Extracted records:

##############################

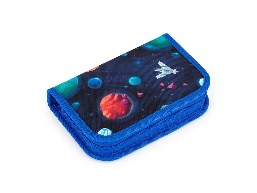 Jednopatrové školní pouzdro se dvěma klopami. Díky gumovým úchytům se do nich vejde celkem 21 pastelek, tužek a fixek. Tři širší úchyty poslouží na pravítko, kružítko či nůžky. Dva větší na gumu a ořezávátko.
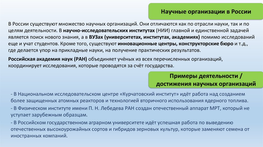 Наука включает особую систему организаций, учреждений, вырабатывающих, хранящих,
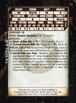 Each unique card is printed with an image and brief description on the obverse side that can be readily presented to the players, while the reverse side provides the stats, abilities and tactics that will be needed to bring the creature or character to terrifying life during an encounter. Several glossary cards provide additional information related to the common special abilities that are presented in the Mutant Chronicles 3rd Edition rulebook.
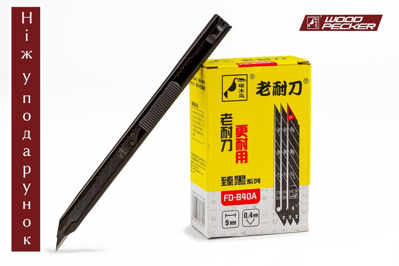Описание Лезвия для ножа 9 мм 30° Woodpecker черные 100 шт + подарок нож FD-707S код товару FD-B40A-707S
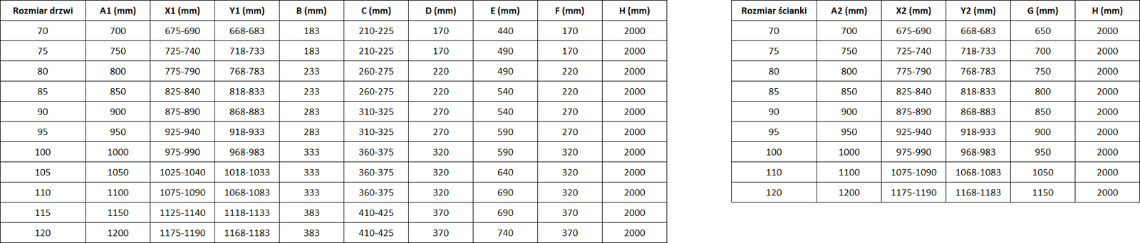 Rozmiar: 80x110 cm (drzwi prawe 80 cm, ścianka 110 cm)
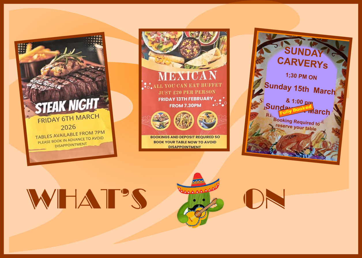 - All you can Eat Mexican Buffet on Friday 13th February. Great value at £20 pp.
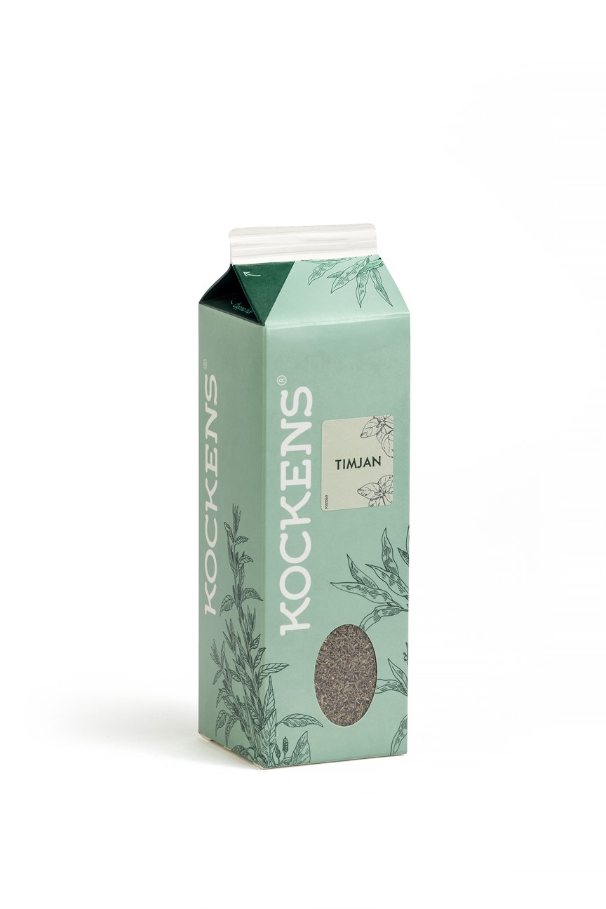 Timjan är en välkänd och viktig ört som har använts som kryddväxt i århundraden. Kryddtimjan (även kallad trädgårdstimjan) är en flerårig, 10-30 cm hög buske med vita, rosa eller violetta blommor. Bladen är små, ovala och spetsiga och kan användas både torkade, färska och frysta. Timjan passar bra till ugnsrostade rotfrukter, kyckling och lamm samt till ärt-, tomat- och fisksoppa. Kryddan packad i FSCmärkt återförslutningsbar kartong med skruvkork av förnybar plast från tallolja. Kryddan är packad i Fjälkinge i Skåne.
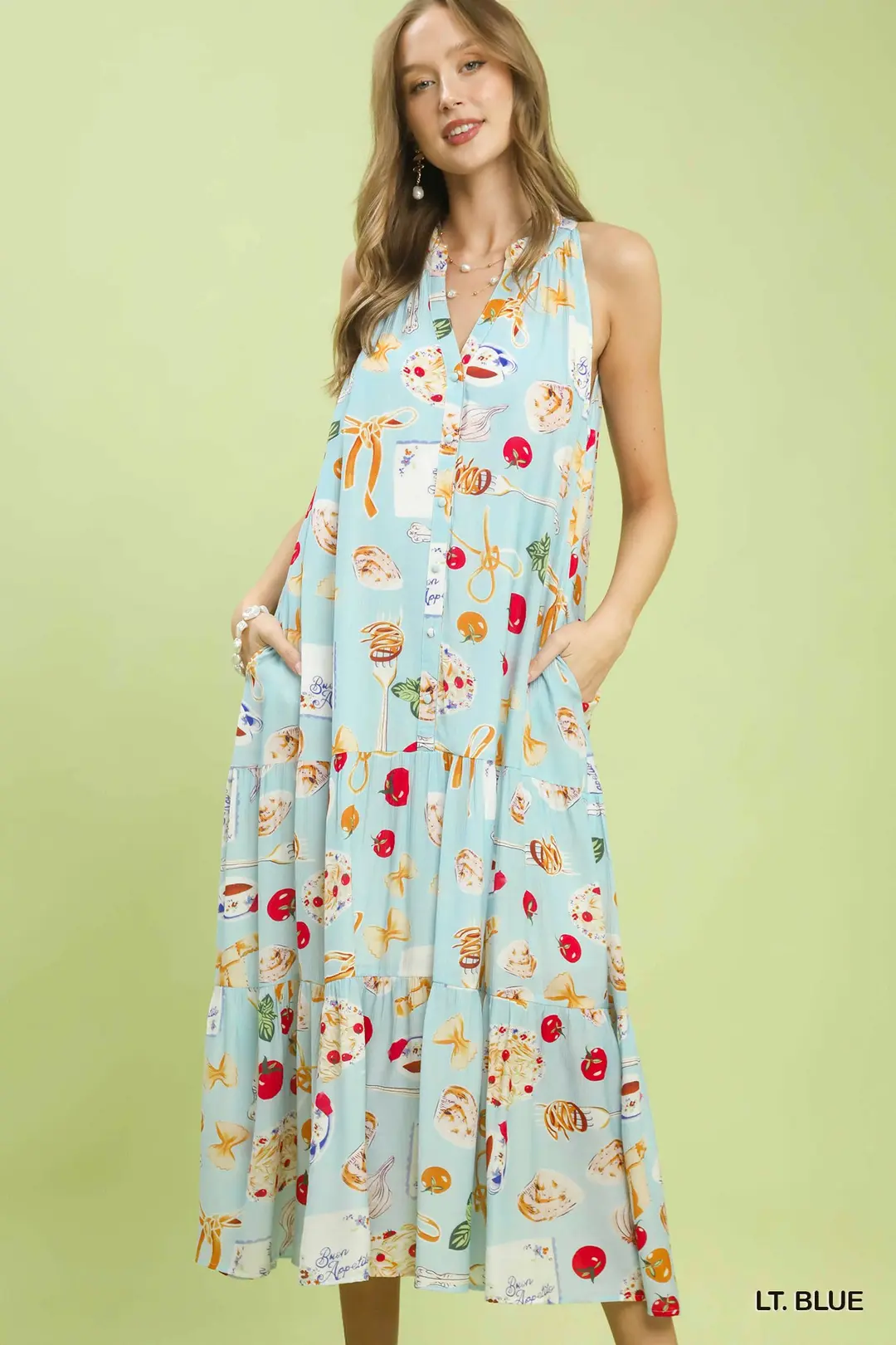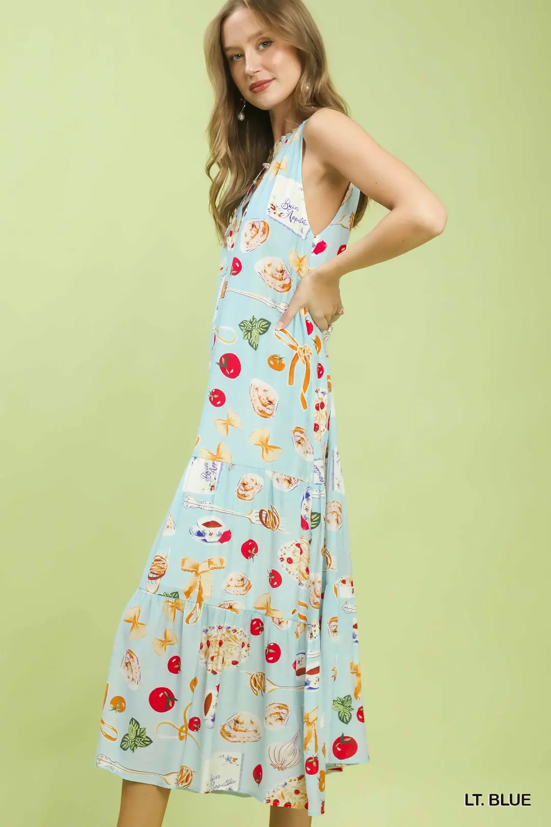 This eye-catching midi dress features a unique abstract print for a modern artistic vibe. Designed with a flattering halter V-neck with tie detail, it has a sleek sleeveless cut that’s perfect for warm weather. The flowy tiered skirt creates beautiful movement, while convenient side pockets add practicality. Fully lined for comfort and coverage, this dress blends contemporary style with feminine charm, ideal for vacations, brunch, parties and casual daytime events.
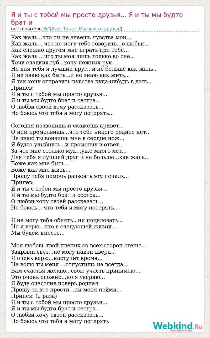 Как жаль...что ты не знаешь чувства мои... Как жаль... что не могу тебе говорить...о любви... Как сложно другом мне играть при тебе... Как жаль ...что ты моя лишь только во сне... Хочу сладких губ...хочу нежных рук... Но для тебя я лучший друг...и не больше как жаль.. Я не знаю как быть...и не знаю как жить... Я так хочу отправить чувства куда-нибудь в даль... Припев: Я и ты с тобой мы просто друзья... Я и ты мы будто брат и сестра... О любви своей хочу рассказать... Но боюсь что тебя я могу потерять... Сегодня позвонишь и скажешь привет... О нем промолвишь...что тебе никого роднее нет... Не знаю ты вонзишь мне в сердце нож... Я будто улыбнусь...и промолчу в ответ... За что мне столько мук...уже много лет... Для тебя я лучший друг и не больше...как жаль... Боже как мне быть... Боже как мне жить... Прошу тебя помочь развеять эту печаль... Припев: Я и ты с тобой мы просто друзья... Я и ты мы будто брат и сестра... О любви хочу своей рассказать... Но боюсь... что тебя я могу потерять... Я не могу тебя обнять...ни поцеловать... Но я верю...что в следующей жизни... Мы будем вместе... Моя любовь твой пленик со всех сторон стены... Закрыли свет...не могу найти двери... Я очень верю...наступит время... На волю ты меня ...отпустишь на всегда... Вам счастья желаю...свою участь принимаю... Это очень сложно...но я уверяю... Я буду счастлив поверь родная Прошу за все прости...ты меня пойми... Припев: (2 раза) Я и ты с тобой мы просто друзья... Я и ты мы будто брат и сестра... О любви хочу своей рассказать... Но боюсь что тебя я могу потерять

##############################

**Exercise description:**
Take the lines above starting at the one containing "Описание Лезвия для" and ending at the one containing "- All you can", and print them again exactly, without pictures.

**Exercise answer:**
Описание Лезвия для ножа 9 мм 30° Woodpecker черные 100 шт + подарок нож FD-707S код товару FD-B40A-707S
 Rozmiar: 80x110 cm (drzwi prawe 80 cm, ścianka 110 cm)
 - All you can Eat Mexican Buffet on Friday 13th February. Great value at £20 pp.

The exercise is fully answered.